# Data shown
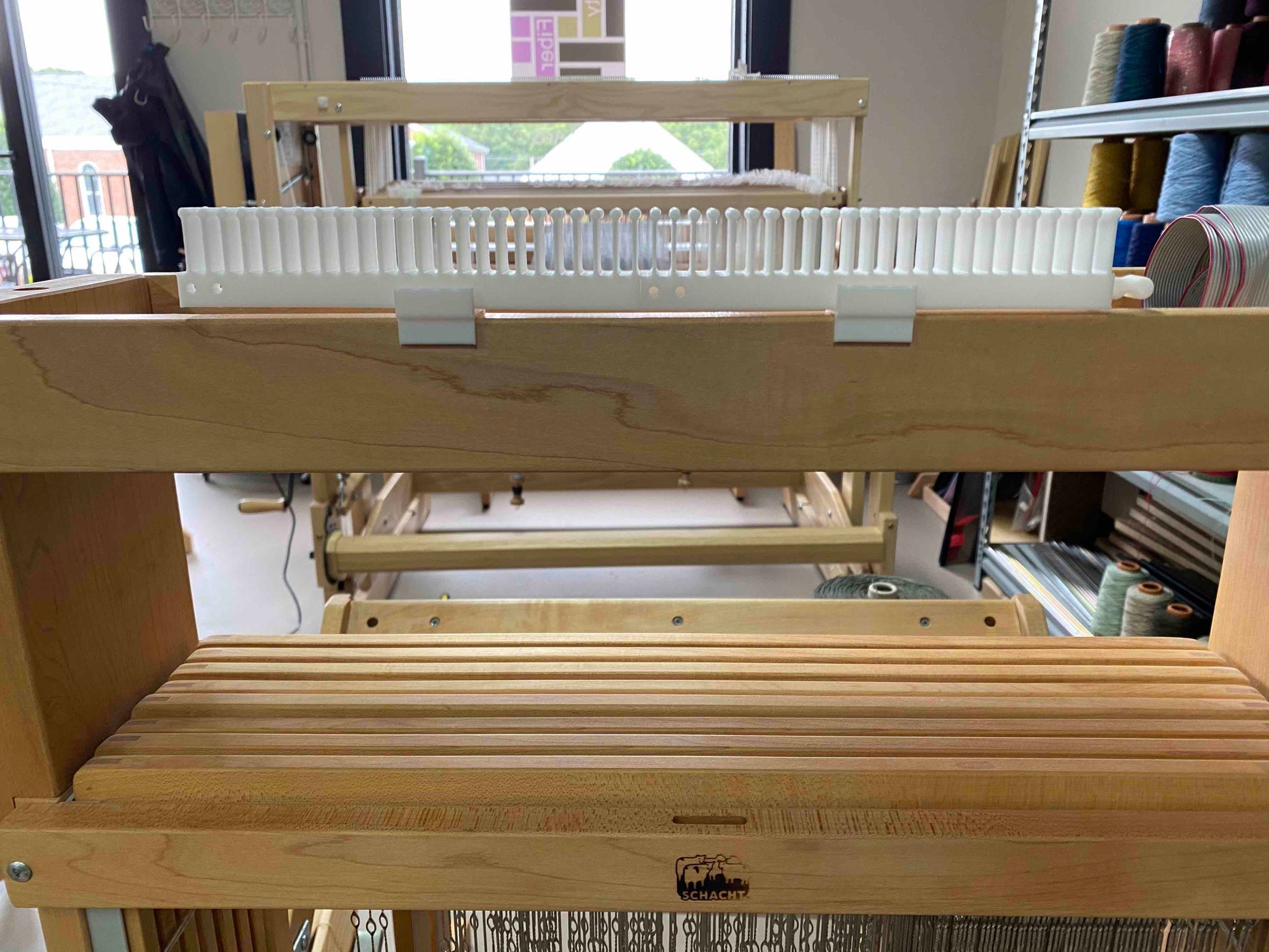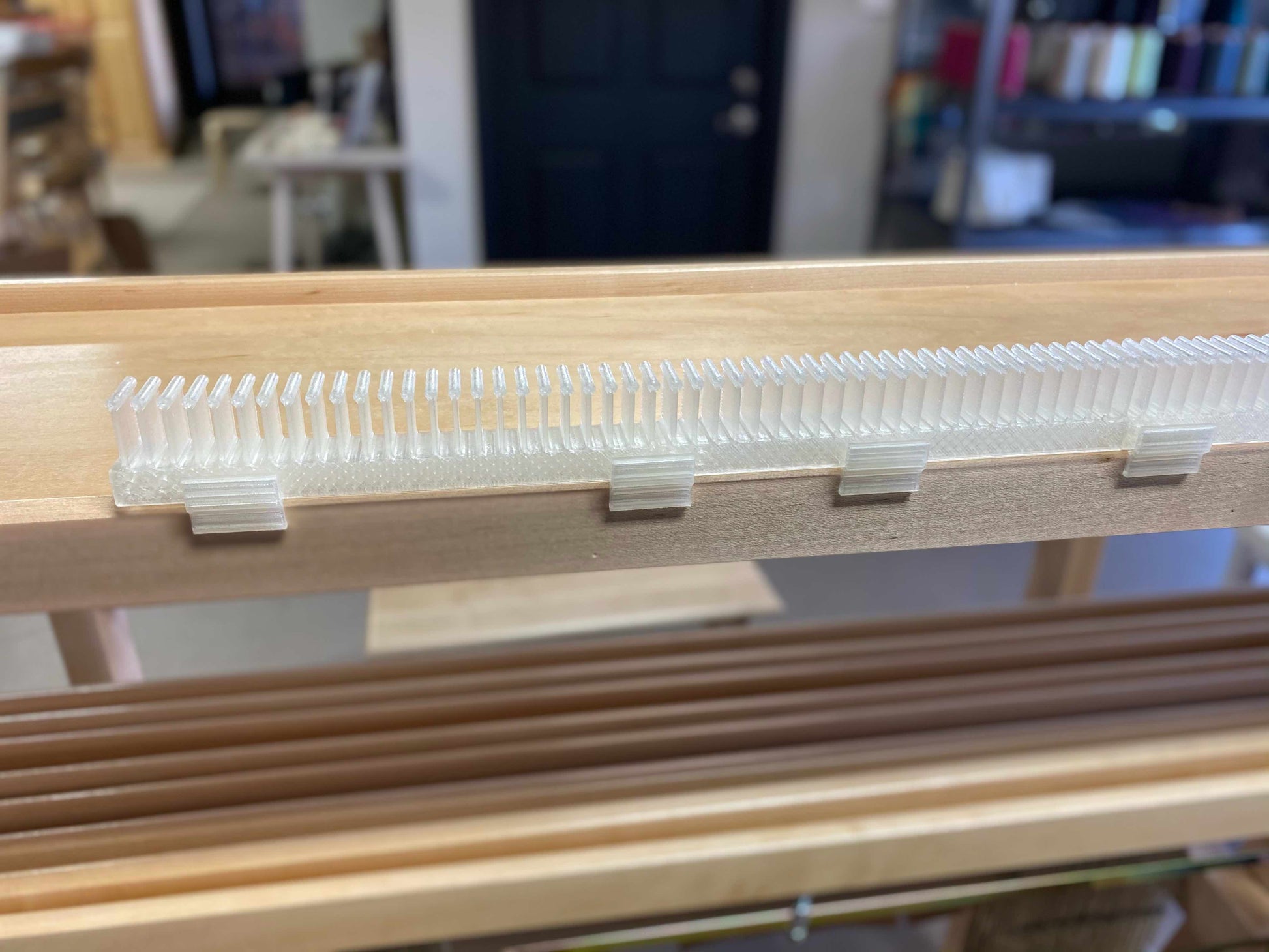 - On Louet looms, we have a clip that fits over top of the Louet built-in raddle. This is great for larger threads or dense warps on Louet looms. See this listing for Louet Looms.
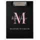 Elegante Schwarz-Rosa-Personalisiert-Monogramm-Bezeichnung-Zwischenablage
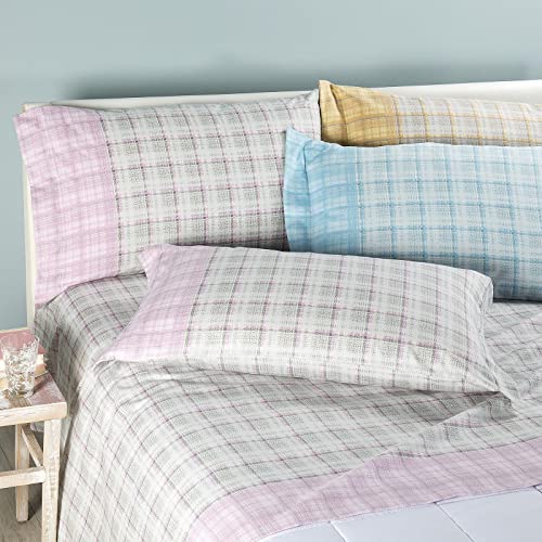 Caleffi Aosta Flanella Completo Lenzuola, Flanella, Azzurro, Matrimoniale, 1000895, Caleffi
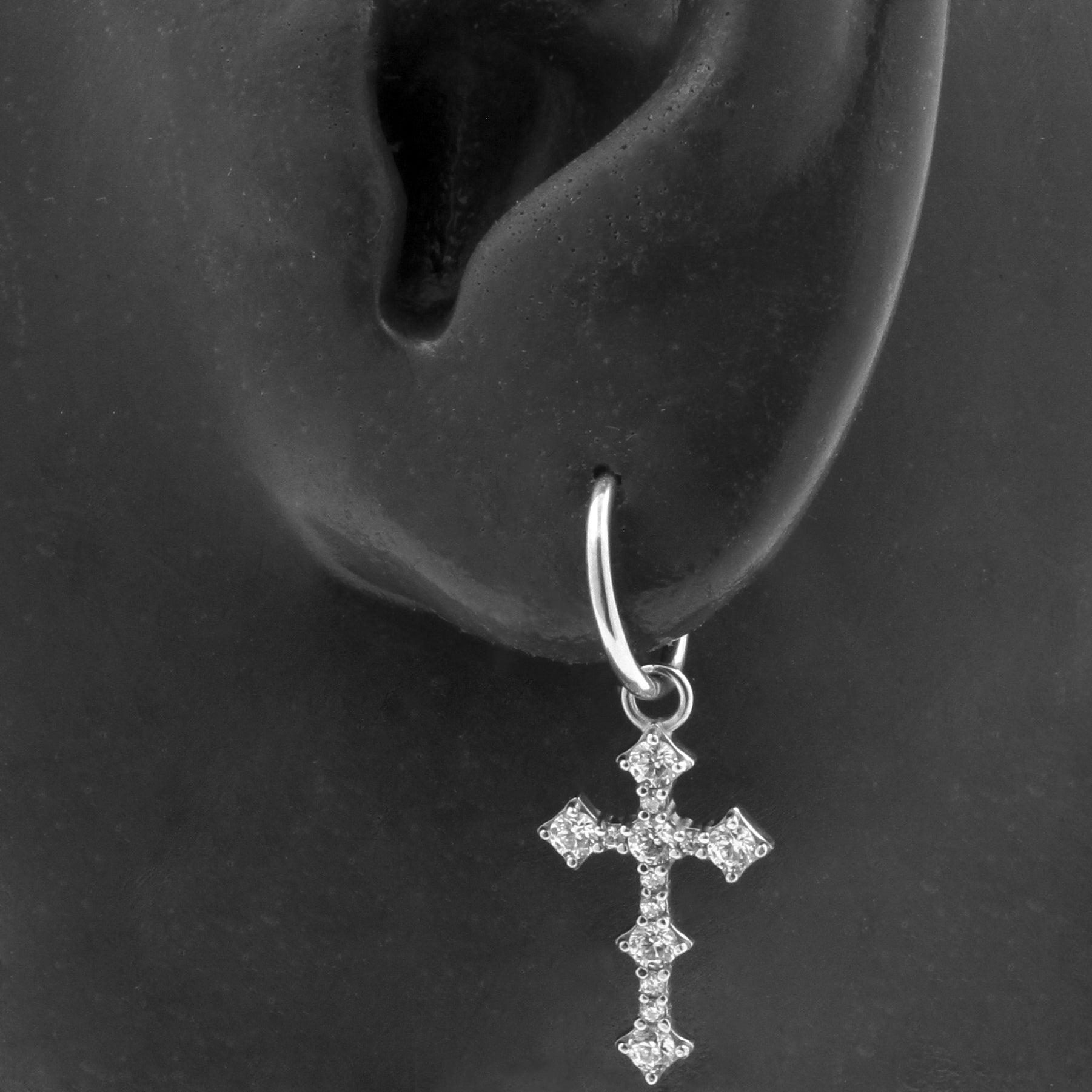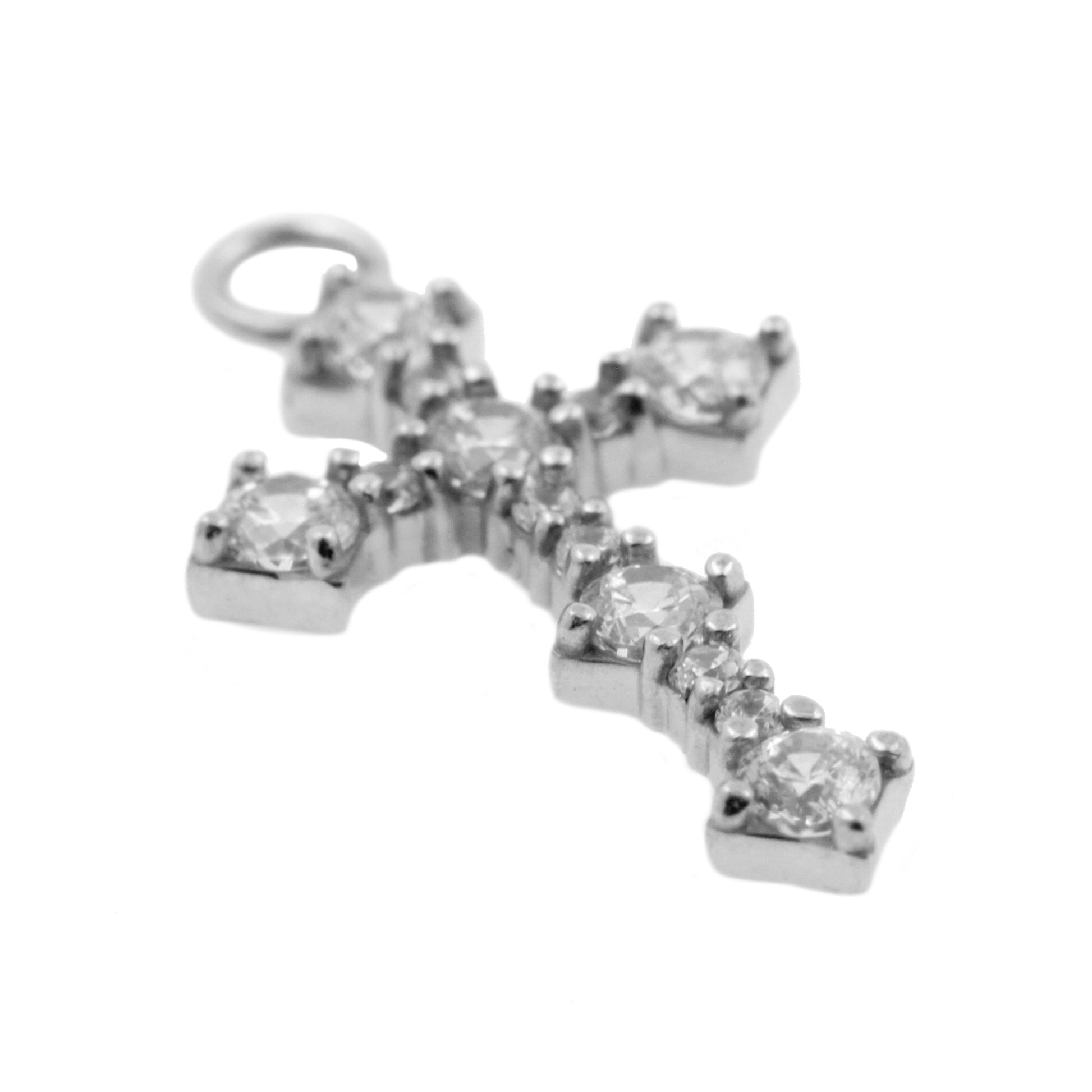 Nikkelvrij Stalen Click Ring Bedel - Zirkonia Cross Zilver

# Exercise objective
Once the pictures are dropped, repeat the data above exactly.

# Result for this task
 - On Louet looms, we have a clip that fits over top of the Louet built-in raddle. This is great for larger threads or dense warps on Louet looms. See this listing for Louet Looms.
 Elegante Schwarz-Rosa-Personalisiert-Monogramm-Bezeichnung-Zwischenablage
 Caleffi Aosta Flanella Completo Lenzuola, Flanella, Azzurro, Matrimoniale, 1000895, Caleffi
 Nikkelvrij Stalen Click Ring Bedel - Zirkonia Cross Zilver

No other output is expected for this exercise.